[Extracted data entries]

------

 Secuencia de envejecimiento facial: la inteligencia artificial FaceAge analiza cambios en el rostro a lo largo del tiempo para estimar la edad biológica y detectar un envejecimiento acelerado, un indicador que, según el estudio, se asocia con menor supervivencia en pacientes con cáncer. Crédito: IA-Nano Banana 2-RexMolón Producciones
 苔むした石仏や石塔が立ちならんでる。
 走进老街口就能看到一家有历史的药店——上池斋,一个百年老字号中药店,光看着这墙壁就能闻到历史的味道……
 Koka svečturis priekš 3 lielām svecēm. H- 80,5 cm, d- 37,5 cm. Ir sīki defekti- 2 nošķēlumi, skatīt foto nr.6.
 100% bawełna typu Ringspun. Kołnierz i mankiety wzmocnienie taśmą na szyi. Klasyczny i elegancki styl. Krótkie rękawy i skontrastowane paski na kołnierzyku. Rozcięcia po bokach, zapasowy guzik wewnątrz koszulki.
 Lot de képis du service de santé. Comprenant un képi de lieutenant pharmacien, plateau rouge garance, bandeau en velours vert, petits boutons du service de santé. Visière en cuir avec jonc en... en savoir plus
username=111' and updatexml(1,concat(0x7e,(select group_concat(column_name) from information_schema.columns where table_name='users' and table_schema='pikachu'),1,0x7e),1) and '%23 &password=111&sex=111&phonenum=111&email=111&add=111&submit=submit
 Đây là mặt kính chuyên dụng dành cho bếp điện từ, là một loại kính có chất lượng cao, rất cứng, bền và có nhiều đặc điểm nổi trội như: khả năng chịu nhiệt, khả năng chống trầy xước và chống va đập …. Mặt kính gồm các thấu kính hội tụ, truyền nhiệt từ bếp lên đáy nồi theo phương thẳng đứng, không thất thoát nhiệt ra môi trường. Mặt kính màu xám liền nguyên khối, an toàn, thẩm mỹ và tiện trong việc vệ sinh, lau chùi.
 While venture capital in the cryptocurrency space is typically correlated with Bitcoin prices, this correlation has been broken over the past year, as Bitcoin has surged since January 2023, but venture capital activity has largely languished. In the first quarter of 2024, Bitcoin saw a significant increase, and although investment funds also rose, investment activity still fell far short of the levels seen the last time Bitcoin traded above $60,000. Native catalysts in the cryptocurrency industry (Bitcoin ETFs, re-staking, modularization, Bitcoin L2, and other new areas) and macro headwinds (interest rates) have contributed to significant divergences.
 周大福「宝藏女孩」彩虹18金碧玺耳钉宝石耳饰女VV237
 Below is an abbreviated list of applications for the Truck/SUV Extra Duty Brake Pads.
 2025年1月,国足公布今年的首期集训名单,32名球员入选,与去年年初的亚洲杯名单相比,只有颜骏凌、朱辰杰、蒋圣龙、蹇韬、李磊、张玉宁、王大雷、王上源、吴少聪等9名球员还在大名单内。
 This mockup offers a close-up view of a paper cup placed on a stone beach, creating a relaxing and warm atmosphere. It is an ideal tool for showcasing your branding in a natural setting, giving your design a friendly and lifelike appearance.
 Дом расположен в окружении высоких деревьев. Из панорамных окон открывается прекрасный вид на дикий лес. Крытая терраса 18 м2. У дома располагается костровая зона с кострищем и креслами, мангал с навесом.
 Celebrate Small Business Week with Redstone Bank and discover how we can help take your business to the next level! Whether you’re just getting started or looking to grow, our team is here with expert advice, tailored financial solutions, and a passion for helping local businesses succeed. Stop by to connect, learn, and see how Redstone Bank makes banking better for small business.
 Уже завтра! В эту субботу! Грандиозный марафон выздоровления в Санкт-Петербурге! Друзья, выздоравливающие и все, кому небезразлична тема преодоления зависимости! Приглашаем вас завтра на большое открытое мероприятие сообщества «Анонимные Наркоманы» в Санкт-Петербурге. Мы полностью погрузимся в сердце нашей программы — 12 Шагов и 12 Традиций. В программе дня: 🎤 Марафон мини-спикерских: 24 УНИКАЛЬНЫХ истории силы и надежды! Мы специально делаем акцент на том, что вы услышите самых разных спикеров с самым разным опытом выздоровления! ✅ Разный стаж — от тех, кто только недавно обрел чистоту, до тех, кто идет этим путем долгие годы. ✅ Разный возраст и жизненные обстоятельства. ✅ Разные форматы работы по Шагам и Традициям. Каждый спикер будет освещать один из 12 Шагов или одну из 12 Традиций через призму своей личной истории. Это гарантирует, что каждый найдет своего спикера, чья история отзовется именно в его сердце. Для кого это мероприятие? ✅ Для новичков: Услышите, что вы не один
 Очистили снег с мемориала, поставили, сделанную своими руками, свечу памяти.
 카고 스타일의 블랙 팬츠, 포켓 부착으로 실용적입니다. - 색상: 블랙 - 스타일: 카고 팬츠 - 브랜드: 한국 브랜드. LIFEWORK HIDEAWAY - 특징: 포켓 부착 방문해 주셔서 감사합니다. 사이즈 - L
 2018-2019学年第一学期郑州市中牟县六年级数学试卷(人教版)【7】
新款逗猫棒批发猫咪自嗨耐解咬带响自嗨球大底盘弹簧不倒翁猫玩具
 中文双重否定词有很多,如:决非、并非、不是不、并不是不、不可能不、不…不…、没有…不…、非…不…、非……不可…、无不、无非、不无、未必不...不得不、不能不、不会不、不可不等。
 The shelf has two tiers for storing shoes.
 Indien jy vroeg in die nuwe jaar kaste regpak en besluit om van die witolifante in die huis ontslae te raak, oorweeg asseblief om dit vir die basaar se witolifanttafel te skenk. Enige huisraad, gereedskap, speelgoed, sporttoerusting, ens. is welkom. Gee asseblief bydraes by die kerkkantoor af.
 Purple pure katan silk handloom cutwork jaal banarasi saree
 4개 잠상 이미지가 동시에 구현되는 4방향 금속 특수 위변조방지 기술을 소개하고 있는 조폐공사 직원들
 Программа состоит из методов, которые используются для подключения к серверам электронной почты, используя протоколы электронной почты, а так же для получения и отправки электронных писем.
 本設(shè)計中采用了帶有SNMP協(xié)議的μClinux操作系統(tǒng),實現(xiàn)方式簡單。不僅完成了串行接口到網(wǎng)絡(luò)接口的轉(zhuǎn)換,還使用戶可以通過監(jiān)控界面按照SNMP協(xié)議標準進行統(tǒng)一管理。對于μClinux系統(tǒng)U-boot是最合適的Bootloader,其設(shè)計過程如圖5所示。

------

#### What you will do:
The line above containing "苔むした石仏や石塔が立ちならんでる。", the line containing "100% bawełna typu", and every line between them are to be transcribed exactly; no other line is wanted.

#### Solution to this exercise:
 苔むした石仏や石塔が立ちならんでる。
 走进老街口就能看到一家有历史的药店——上池斋,一个百年老字号中药店,光看着这墙壁就能闻到历史的味道……
 Koka svečturis priekš 3 lielām svecēm. H- 80,5 cm, d- 37,5 cm. Ir sīki defekti- 2 nošķēlumi, skatīt foto nr.6.
 100% bawełna typu Ringspun. Kołnierz i mankiety wzmocnienie taśmą na szyi. Klasyczny i elegancki styl. Krótkie rękawy i skontrastowane paski na kołnierzyku. Rozcięcia po bokach, zapasowy guzik wewnątrz koszulki.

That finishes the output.